EXERCISE DETAILS.
Exactly the lines below from the line with "Advise and Consent" through the line with "为深入学习贯彻党的二十届三中" must make up the answer, both ends included and pictures left out.

TASK INPUTS.
-=-=-

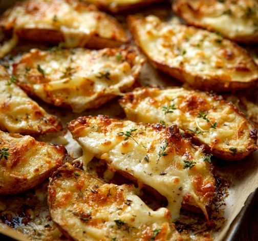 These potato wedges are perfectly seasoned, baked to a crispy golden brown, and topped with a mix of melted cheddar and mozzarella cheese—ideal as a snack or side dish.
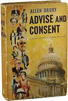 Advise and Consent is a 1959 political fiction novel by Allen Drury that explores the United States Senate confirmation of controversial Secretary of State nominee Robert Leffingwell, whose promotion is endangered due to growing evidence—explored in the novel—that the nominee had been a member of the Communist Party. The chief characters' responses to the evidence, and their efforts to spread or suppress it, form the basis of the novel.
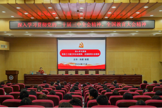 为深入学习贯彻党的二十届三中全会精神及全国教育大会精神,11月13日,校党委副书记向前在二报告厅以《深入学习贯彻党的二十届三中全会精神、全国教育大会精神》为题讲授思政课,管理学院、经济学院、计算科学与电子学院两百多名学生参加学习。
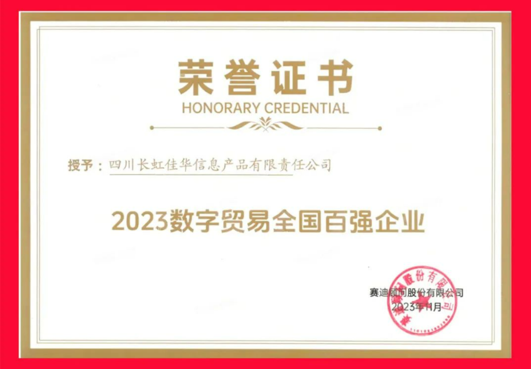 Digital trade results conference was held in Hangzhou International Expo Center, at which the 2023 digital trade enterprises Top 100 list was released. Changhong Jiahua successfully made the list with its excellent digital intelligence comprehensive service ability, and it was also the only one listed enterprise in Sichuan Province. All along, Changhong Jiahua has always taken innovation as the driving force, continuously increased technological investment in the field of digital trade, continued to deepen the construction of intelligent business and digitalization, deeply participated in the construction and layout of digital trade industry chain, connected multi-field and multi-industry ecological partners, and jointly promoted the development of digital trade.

-=-=-

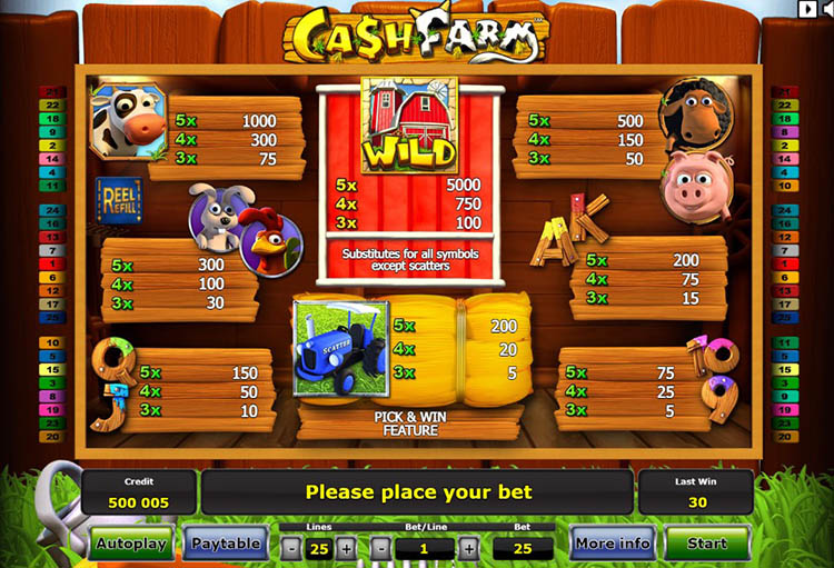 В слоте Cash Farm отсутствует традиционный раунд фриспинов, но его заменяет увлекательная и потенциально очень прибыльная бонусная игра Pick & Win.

-=-=-

ANSWER.
 Advise and Consent is a 1959 political fiction novel by Allen Drury that explores the United States Senate confirmation of controversial Secretary of State nominee Robert Leffingwell, whose promotion is endangered due to growing evidence—explored in the novel—that the nominee had been a member of the Communist Party. The chief characters' responses to the evidence, and their efforts to spread or suppress it, form the basis of the novel.
 为深入学习贯彻党的二十届三中全会精神及全国教育大会精神,11月13日,校党委副书记向前在二报告厅以《深入学习贯彻党的二十届三中全会精神、全国教育大会精神》为题讲授思政课,管理学院、经济学院、计算科学与电子学院两百多名学生参加学习。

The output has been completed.